Обучение же его, как он сам говорит, рассчитано именно на тех, кто с одной стороны, хоть насколько-то в теме нашей даосской субкультуры, но с другой, и не законсервирован в банке какой-то инертной традиции. Про мотивированность же упоминать вряд ли имеет смысл. Её наличие подразумевается по умолчанию!
А вообще же, я по своему личному опыту превосходно знаю то, как тяжело бывает работать с людьми. Иногда вот просто из кожи вон вылезешь, дабы что-то объяснить человеку. И он вроде как даже всё поймёт. Но только за ночь у него как будто бы происходит полное ″обнуление файлов″. И на следующий день всё приходится повторять с самого начала. Так что, труден он и отнюдь не прост этот самый путь наставничества, – ши-дао!»
И они шли по улицам города, ловя на себе недоумённые взгляды проходящих мимо представителей окружающего социума, – минь-жэней. Да, в их глазах эти двое выглядели какими-то чудиками, хотя своим внешним видом, вроде бы, особо и не выделялись. Даосские халаты, – дао-пао, на них надеты не были, да и метёлками, – фу-чэнями, они тоже не размахивали. Но это и не важно, – их чуждость считывалась интуитивно. А они же во всех встречных,.. ну или почти во всех,.. узревали сплошных людей пути, – даосов, – дао-жэней. Да, ибо, воистину, каждый из нас в другом всегда подсознательно видит лишь некое подобие себя!

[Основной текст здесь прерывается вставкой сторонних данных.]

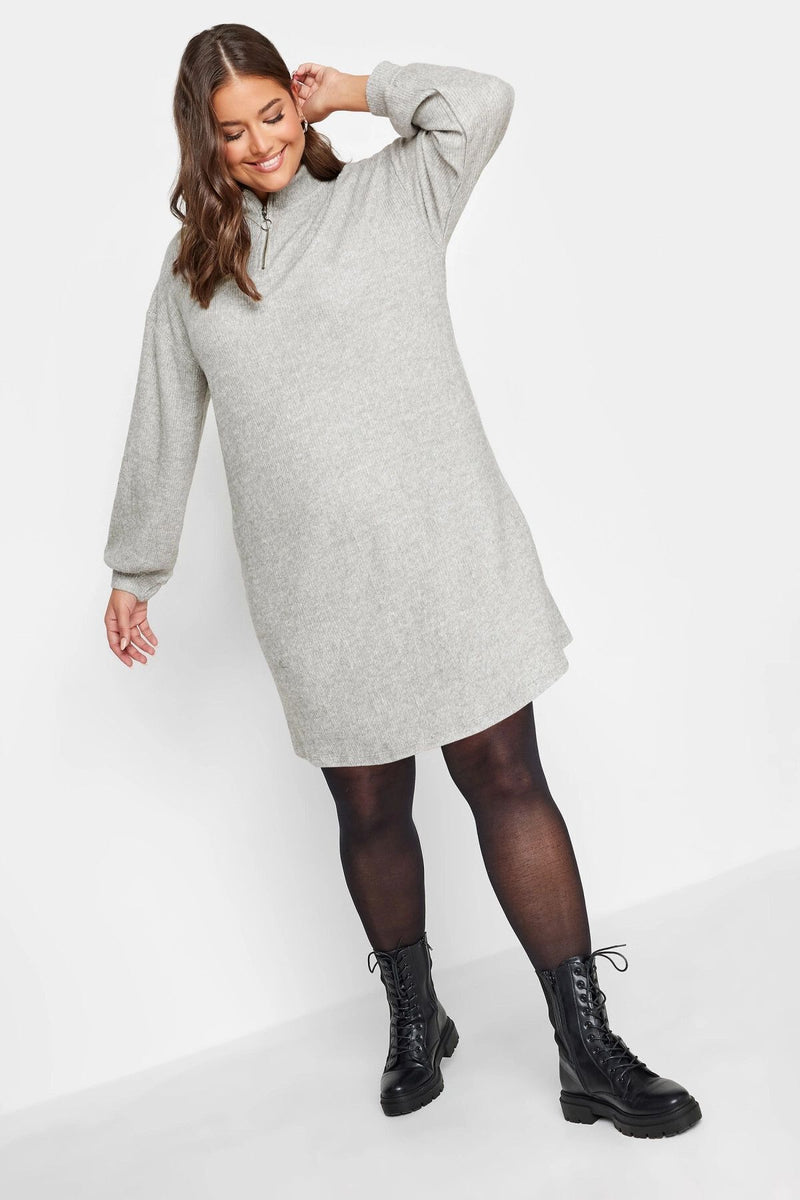 Büyük Beden Yakası Fermuarlı Uzun Kollu Midi Boy Elbise 302617

Знаток же, похоже, оказался неисправимым лектором.
«Наверное, всё-таки, скажу я тебе как даос даосу, – продолжил он, – ценность любого обучения заключается не столько в его традиционности, сколько в результативности. Главное ведь не то, У КОГО ты учился, а то, ЧЕМУ ты при этом смог научиться! Какой, к чёрту, толк в громкости имени мастера-наставника, – ши-фу, если всё, что он даст составят, как говорится, два притопа и три прихлопа?!
А кроме того, наставнику помимо обладания непосредственно самим мастерством, крайне немаловажно иметь ещё и достаточно развитые преподавательские навыки. Случается же, что и очень хороший специалист не отличается способностью к передачи своих умений.

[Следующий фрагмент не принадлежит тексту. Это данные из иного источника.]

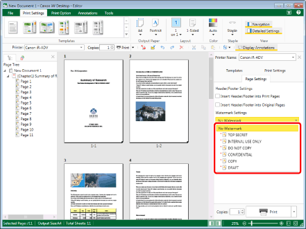 Select the watermark to set from the pull-down list on the [Page Settings] tab on the Details Window.

Да, мастер одним только лёгким прикосновением может инициировать у ученика активацию жизненной энергии, – шэн-мин чжи ци. И ощущения от этого поначалу, конечно, будут весьма яркими. Однако же если вдобавок он не проведёт обучение его тому, как следует с ней работать, – гуну, то переданный таким образом импульс просто-напросто постепенно затухнет. А ценность же несёт в себе только усвоенная информация!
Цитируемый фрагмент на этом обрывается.